= Julius Micrander =

Julius Erici Micrander Uplandiensis (December 25, 1640 - 1702) was a Swedish professor, member of the Swedish Parliament, and vicar with the Church of Sweden.

==Biography==
Micrander was born in the rectory of Bro Church in Uppland, Sweden. His father was Ericus Georgi Micranderan, vicar in Tierp parish and his mother was Benedicta Eriksdotter. By age 10, Micrander was a student at Uppsala University. At age 28, he was studying for a master's degree with the De educatione liberorum.

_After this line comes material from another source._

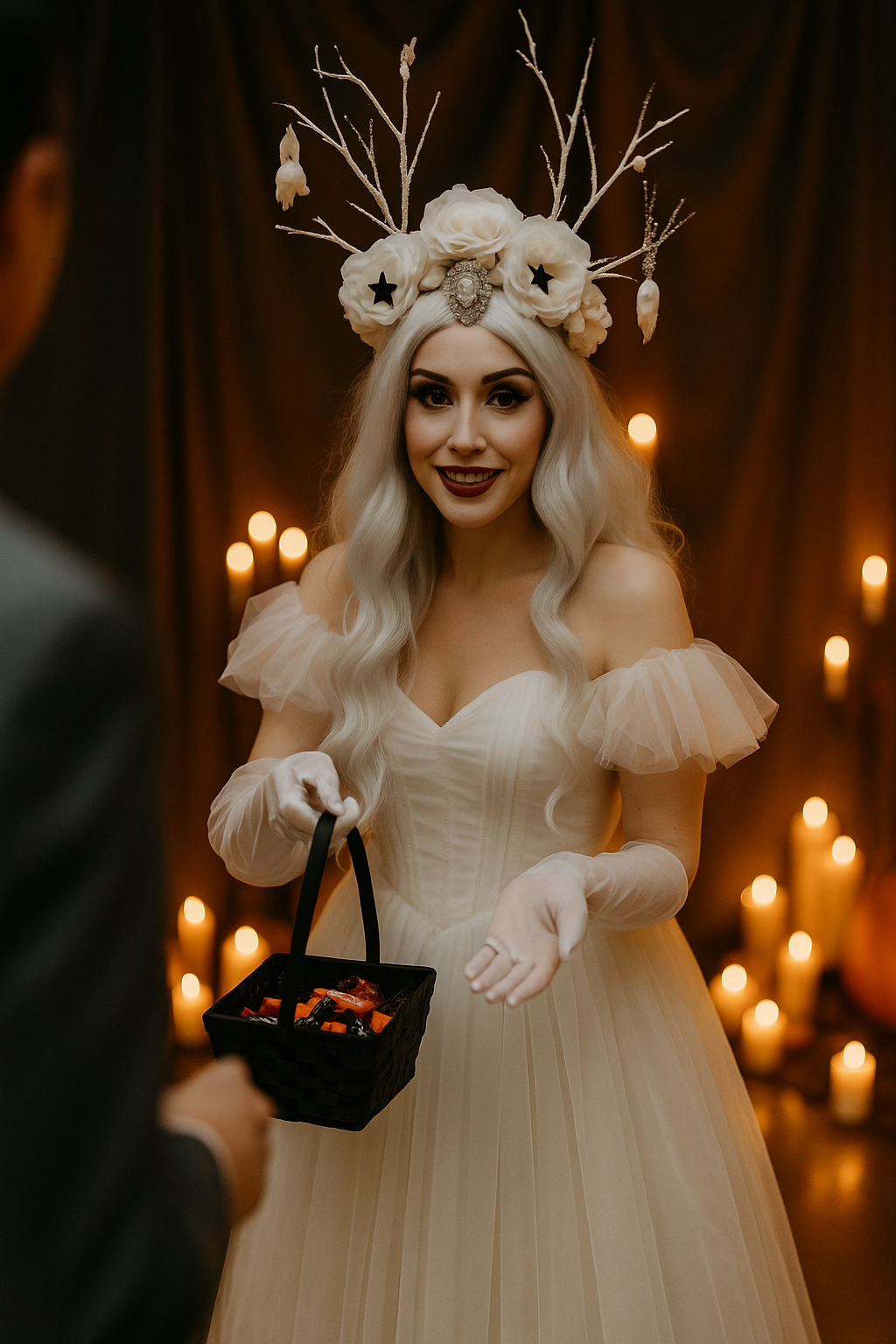 Floating through the venue in a billowing white ballgown, crowned with a bespoke shimmering headdress, the Glam Ghost is an ethereal host who is equal parts glamour, wit, and mystery. They roam silently at times, drifting gracefully as if haunting the space, then break the stillness with cheeky one-liners and playful interactions that bring the character to life.

In 1687, Micrander received his second professorship in theology. In 1676, Micrander was appointed as extraordinary professor of Greek, becoming a professor the next year. In 1685, university Chancellor Magnus Gabriel De la Gardie (1622–1686) appointed Micrander professor of theology. Micrander was ordained as a priest in the Church of Sweden and became vicar of Vaksala Church in Uppsala.

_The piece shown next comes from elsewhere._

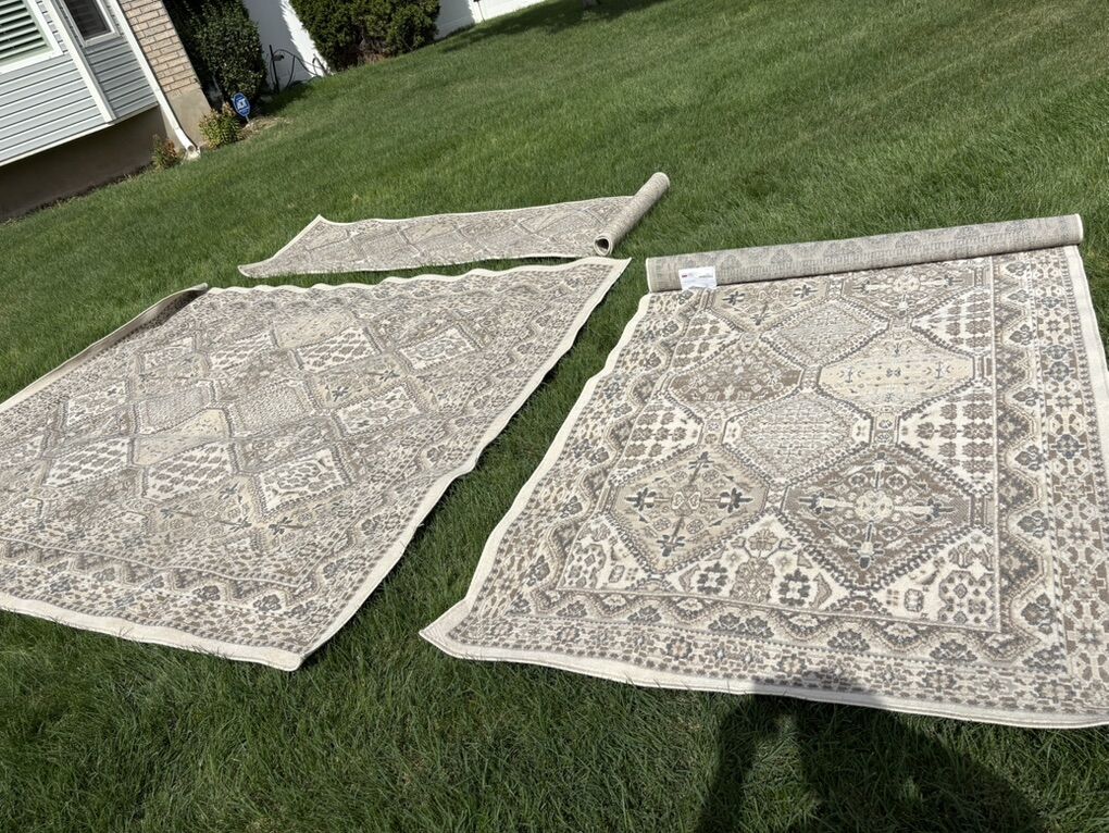 CashAppArea rugs for sale have the very main big one and that’s a 12 x 12 and then the 3‘ x 12‘ runner has another one next to it that are all out the same design the three of them and then you have 4‘ x 8‘ rug For those three together asking 100 or all or make a offer if you want them separate the red black square one has 8‘ x 4‘ and 8‘ x 4‘ with the checkers on and then three small ones altogether 15 bucks for the three or make me an offeror for all of them together 100 or make me an offer will sell them separately just make an offer on which one you want, but it really needs to sell these ASAP altogether for all these rugs spent about $975 like I said they were hardly used for only a couple months. They’re still brand new. I will sell all rugs for 100 bucks if you come today.

He became involved in the Cartesian controversy at the university. Orthodox Aristotelian supporters, such as Micrander, believed that René Descartes's philosophy threatened the purity of the Christian faith. Micrander was influenced by the German theologian Johann Adam Osiander (1622-1697) and published his strongly anti-Cartesian Collegium theologicum in præcipuas Controversies theo Logica habitum Olim in Sweden during 1690.

Micrander was a member of parliament in 1689 (again in 1697). In 1694, he was appointed superintendent of the Diocese of Härnösand in Västernorrland County.